The meme was printed on yellow fluorescent stickers (reading "Bollocks to Brexit – It's not a done deal"), which were prominently circulated and displayed on anti-Brexit marches, including the People's Vote march in London on 23 March 2019. The stickers were also handed out at major political party conferences in the UK. The New European, a newspaper supporting Britain remaining in the EU, offered a free "Bollocks to Brexit" mug with a subscription.

A "Bollocks to Brexit" bus, parodying the Vote Leave campaign bus that appeared during the 2016 referendum, toured the UK and Ireland in 2018. The bus made stops in Maidenhead, Uxbridge and Islington, constituencies of Prime Ministers Theresa May and Boris Johnson, as well as leader of the opposition Jeremy Corbyn. The bus appeared in the background of an ITV News broadcast.

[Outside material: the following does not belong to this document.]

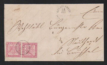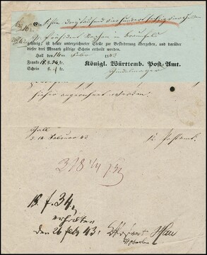 "Wetzlar", 1843, einmal K2, zwei seltene "Franko-Zettel" aus dem württembergischen Hall mit innen aufgeklebten Postquittungen zurück nach Braunfels
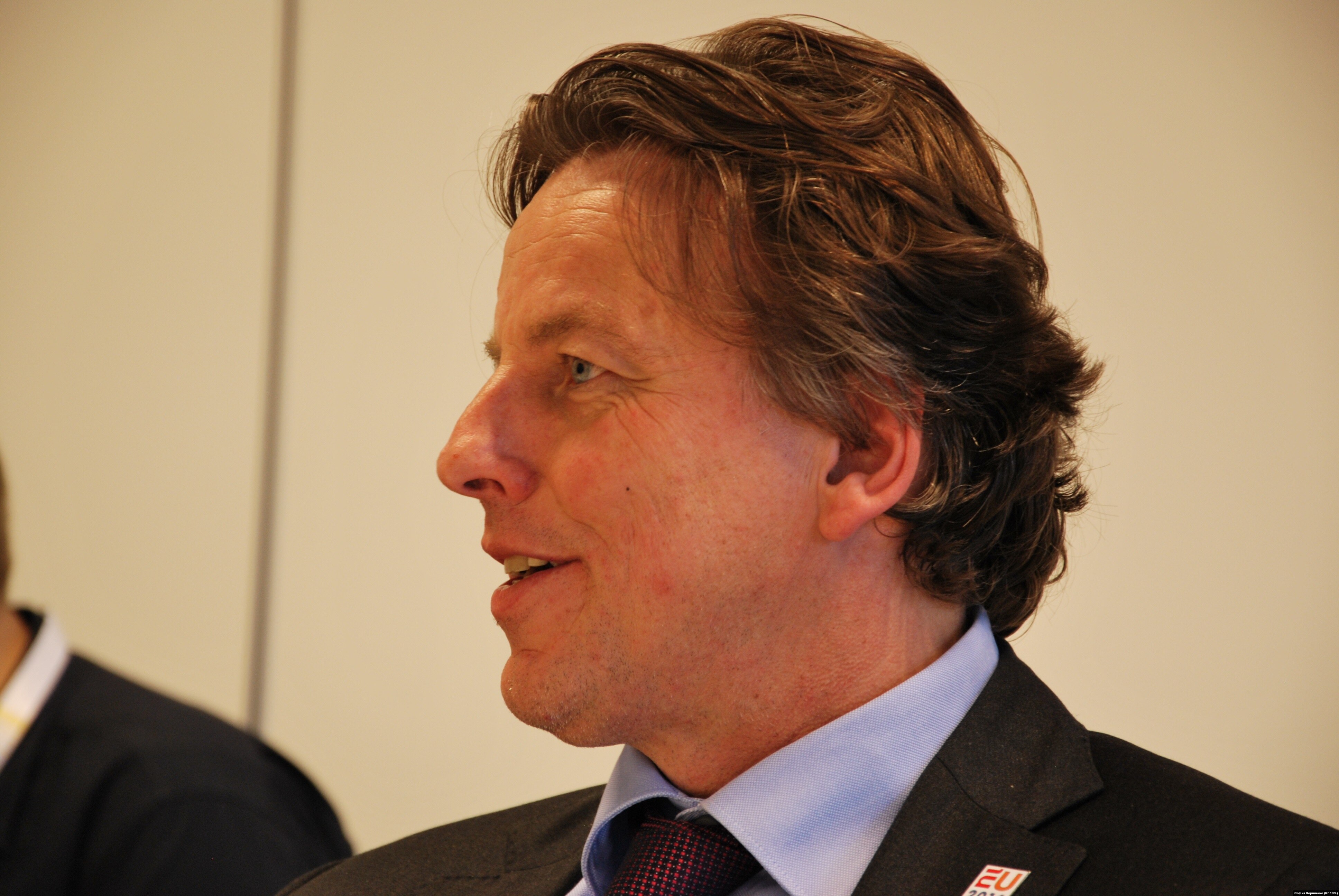 С января по июнь этого года Нидерланды председательствуют в ЕС, по этому поводу на амстердамском заливе Ай выстроили футуристический конгресс-центр. Сюда временно переместились переговорщики из 28 стран Евросоюза, здесь же в субботу 6 февраля министр иностранных дел Нидерландов Берт Кундерс (Партия труда, PvdA) в неформальной обстановке встретился с несколькими корреспондентами иностранных изданий.

Subsequently, three minis were decorated with the slogan "Bollocks to Brexit", and prior to the 2019 United Kingdom general election were driven around the UK with the aim of promoting tactical voting.

In the run-up to the 2019 EU elections, the Liberal Democrat leader Vince Cable adopted the phrase as the title of their party manifesto. The party's newly elected MEPs wore the slogan on the back of T-shirts at the opening of the European Parliament.

==Controversy==
The phrase, and merchandise featuring it, attracted legal attention. In March 2018, the Speaker of the House of Commons, John Bercow was criticised by the Conservative MP and Leave Means Leave advocate Andrew Bridgen for appearing to display a "Bollocks to Brexit" sign in his car. Bercow said that the car belonged to his wife Sally and he could not be held directly responsible for her thoughts and opinions. In October 2018, Charlie Mullins, founder of Pimlico Plumbers and former Conservative Party donor, was ordered by the local council to take down a large "Bollocks to Brexit" sign on top of a company building in Waterloo, London. Commuters complained that the sign was distracting and irrelevant to the business, but Mullins defended his right to free speech and as of March 2019 the sign remained in place.

In March 2019, a man was detained at Gatwick Airport after he refused to remove a "Bollocks to Brexit" badge upon attempting to board a flight. The same month, a protester on the People's Vote march attached a "Bollocks to Brexit" sticker to the front nameplate of the Department for International Trade office in Whitehall in protest at the department secretary, Liam Fox.

Having commenced on the 'mini tour' to promote tactical voting in the 2019 UK General Election, the driver of one of three minis was stopped by an Essex Police officer in November 2019. The officer insisted that the slogan must be removed from the vehicle.